Influence of joint modelling on the pushover analysis of a RC frame  

Costa, Ricardo (Department of Civil Engineering, ISISE, University of Coimbra)
Providencia, Paulo (Department of Civil Engineering, INESC Coimbra, University of Coimbra)
Ferreira, Miguel (CERIS, University of Lisbon)
Publication Information
Structural Engineering and Mechanics / v.64, no.5, 2017 , pp. 641-652 More about this Journal
Abstract
In general, conventional analysis and design of reinforced concrete (RC) frame structures overlook the role of beam-column (RCBC) joints. Nowadays, the rigid joint model is one of the most common for RCBC joints: the joint is assumed to be rigid (unable to deform) and stronger than the adjacent beams and columns (does not fail before them). This model is popular because (i) the application of the capacity design principles excludes the possibility of the joint failing before the adjacent beams and (ii) many believe that the actual behaviour of RCBC joints designed according to the seismic codes produced mainly after the 1980s can be assumed to be nominally rigid. This study investigates the relevance of the deformation of RCBC joints in a standard pushover analysis at several levels: frame, storey, element and cross-section.

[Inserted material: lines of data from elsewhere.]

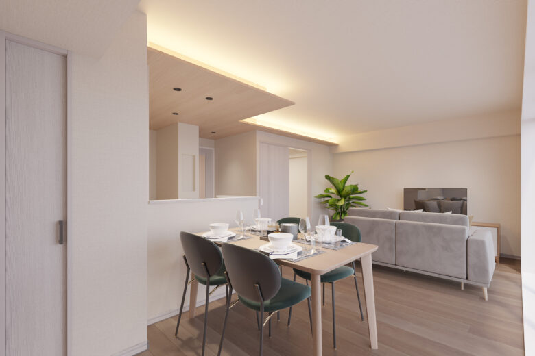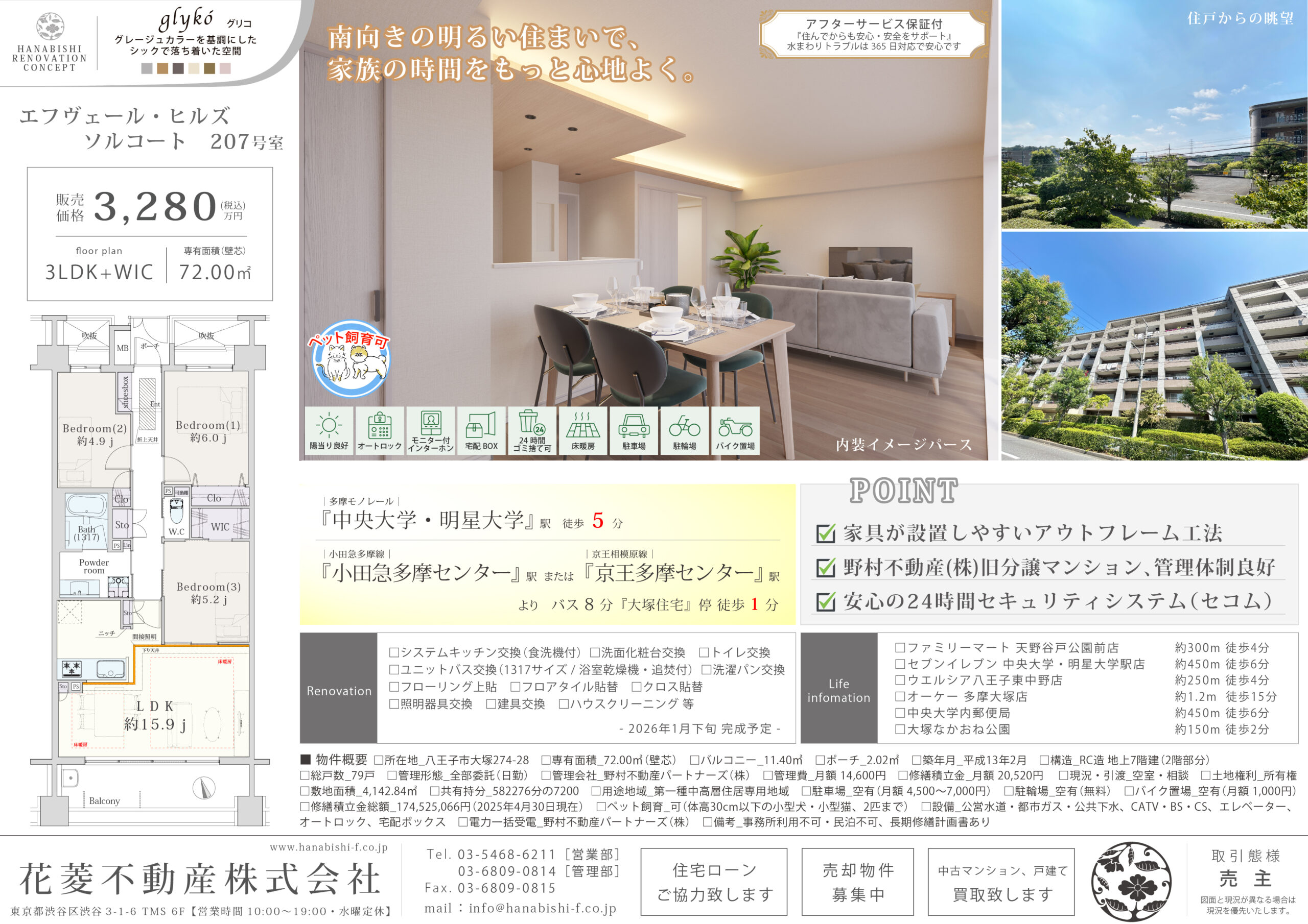 | リノベーション内容 | システムキッチン交換(食洗機付) / ユニットバス交換(1317サイズ / 浴室乾燥機・追焚付) / 洗面化粧台交換 / トイレ交換 / 洗濯パン交換 / フローリング上貼 / フロアタイル貼替 / クロス貼替 / 照明器具交換 / 建具交換 / ハウスクリーニング 等(2026年1月下旬 完成予定) |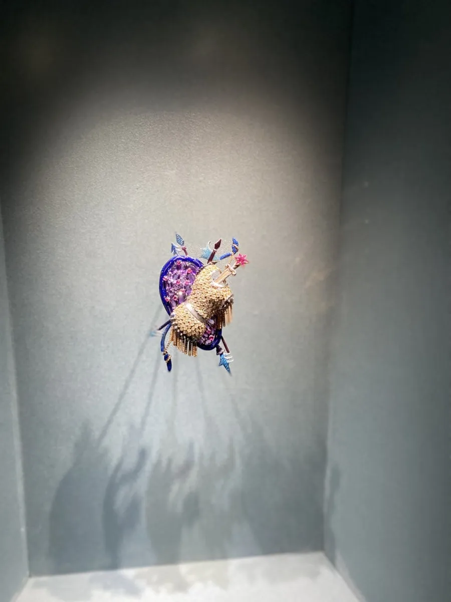 창과 방패, 갑옷과 화살로 구성된 작품이다. 보라색, 파란색, 황금색 계열을 조화롭게 썼다. 방패와 갑옷이 서로 반대 방향으로 되어 있는 것은 구도를 맞추기 위함인 것 같고 활과 화살을 뒷부분에 놓아 좀 더 화려해보이게 하였다. 갑옷 안에 검이 꽂혀 있는 것은 무장한 군인을 나타내는 것 같기도 하지만, 어떤 갑옷도 전투와 살상을 대변하는 검에 의해 방어될 수 없다는 걸 나타내는 것 같기도 하다. 전쟁이란 결국 전쟁으로 끝이 나는 것이다. 보석 디자인으로 자본주의에 화려하게 편승한 티파니앤코가 전쟁 무기들을 단순하게 아이템이나 모티브로 사용했을 수도 있지만, 아무래도 지금과 같은 문화적 가치를 누리기 위해서는 전쟁이란 반대해야 할 수밖에 없지 않을까.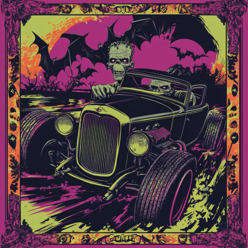 Tour poster. Frankenstein’s monster driving s an American hot rod , With space for text in the bottom. With a little bit of neon colors, Borders around the poster with grim ornaments, grim dark art, 1940s horror comic book stye. knives, bats and snakes --v 6.1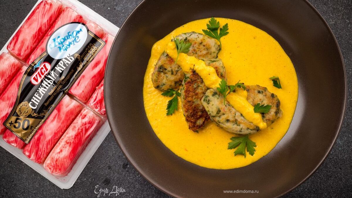 Биточки с крабовыми палочками и соусом
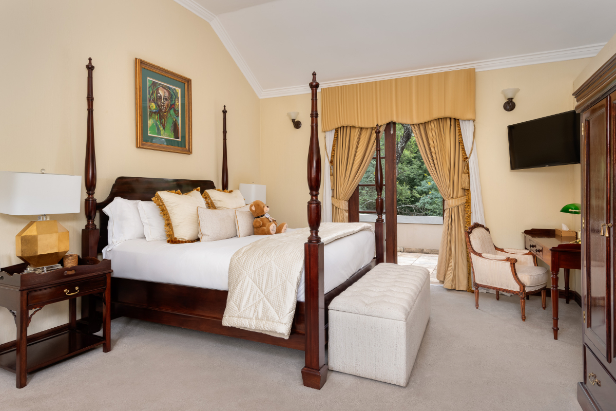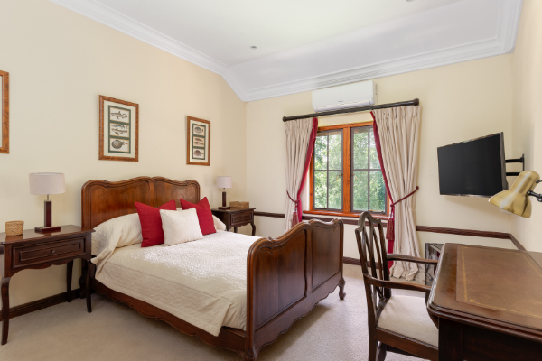 Located in the original Manor House, the Executive Twin Rooms lead off from the upper lounge area. Each has a bathroom or shower en-suite, 2 X 3/4 beds, telephone, satellite TV, Wi-Fi internet, and an executive working desk. Downstairs, you will find the lounge and Conservatory restaurant. These look out through glass doors and windows onto the cool forest. Enjoy the views of indigenous trees and shrubs that surround the main hotel.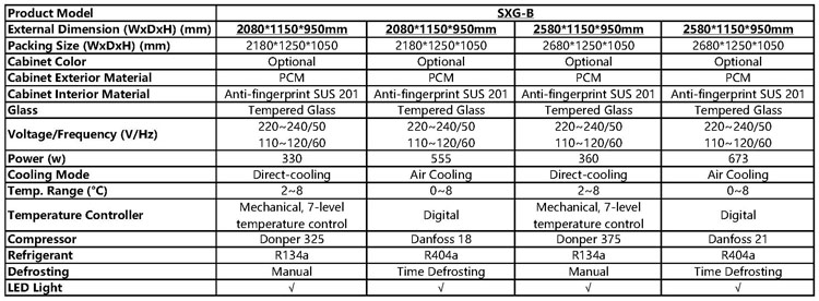 1. Donper compressor with R134a or Danfoss compressor with R404a will keep this freezer work efficiently. Domestic famous brand copper pipe will never get gas leak. LED light, saving energy and brighter.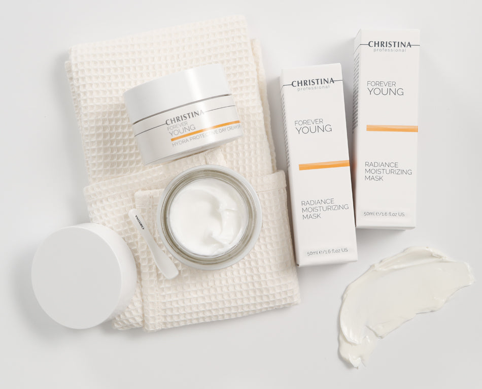 Forever Young protege, rejuvenece e impulsa la salud y apariencia juvenil de la piel perdida con el avance del envejecimiento y los daños ambientales, mediante una combinación de bio-péptidos, productos botánicos y antioxidantes, fomentando la reparación y regeneración celular.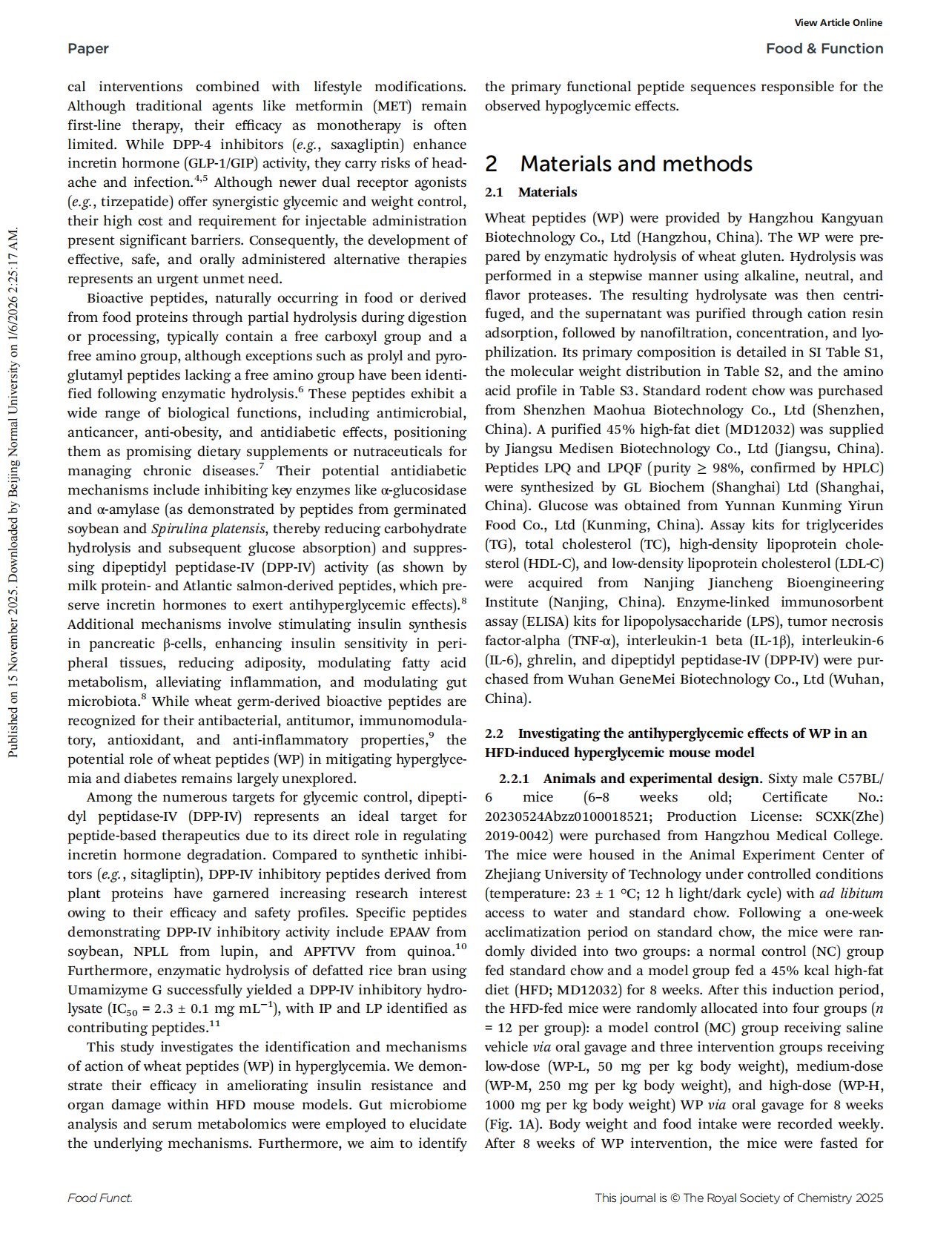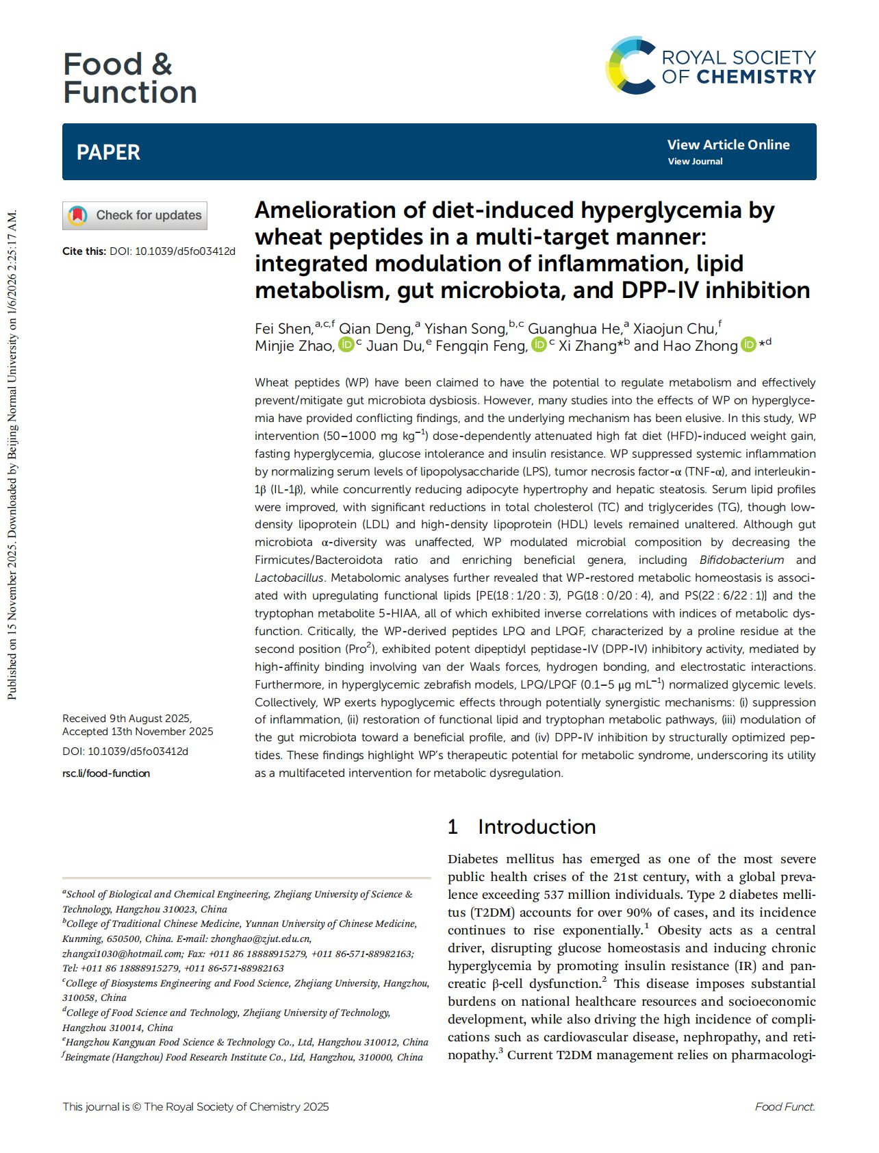 Amelioration of diet-induced hyperglycemia by wheat peptides in a multi-target manner: integrated modulation of inflammation, lipid metabolism, gut microbiota, and DPP-IV inhibition

Accordingly, a RC frame designed according to preliminary versions of EN 1992-1-1 and EN 1998-1 was analysed, considering the nonlinear behaviour of beams and columns by means of a standard sectional fibre model. Two alternative models were used for the RCBC joints: the rigid model and an explicit component based nonlinear model. The effect of RCBC joints modelling was found to be twofold: (i) the flexibility of the joints substantially increases the frame lateral deformation for a given load (30 to 50%), and (ii) in terms of seismic performance, it was found that joint flexibility (ii-1) appears to have a minor effect on the force and displacement corresponding to the performance point (seismic demand assessed at frame level), but (ii-2) has a major influence on the seismic demand when assessed at storey, element and cross-section levels.
Keywords
beam-column joint; reinforced concrete cast-in-situ frames structures; pushover analysis; nonlinear behaviour;
Citations & Related Records
Times Cited By KSCI : 7  (Citation Analysis)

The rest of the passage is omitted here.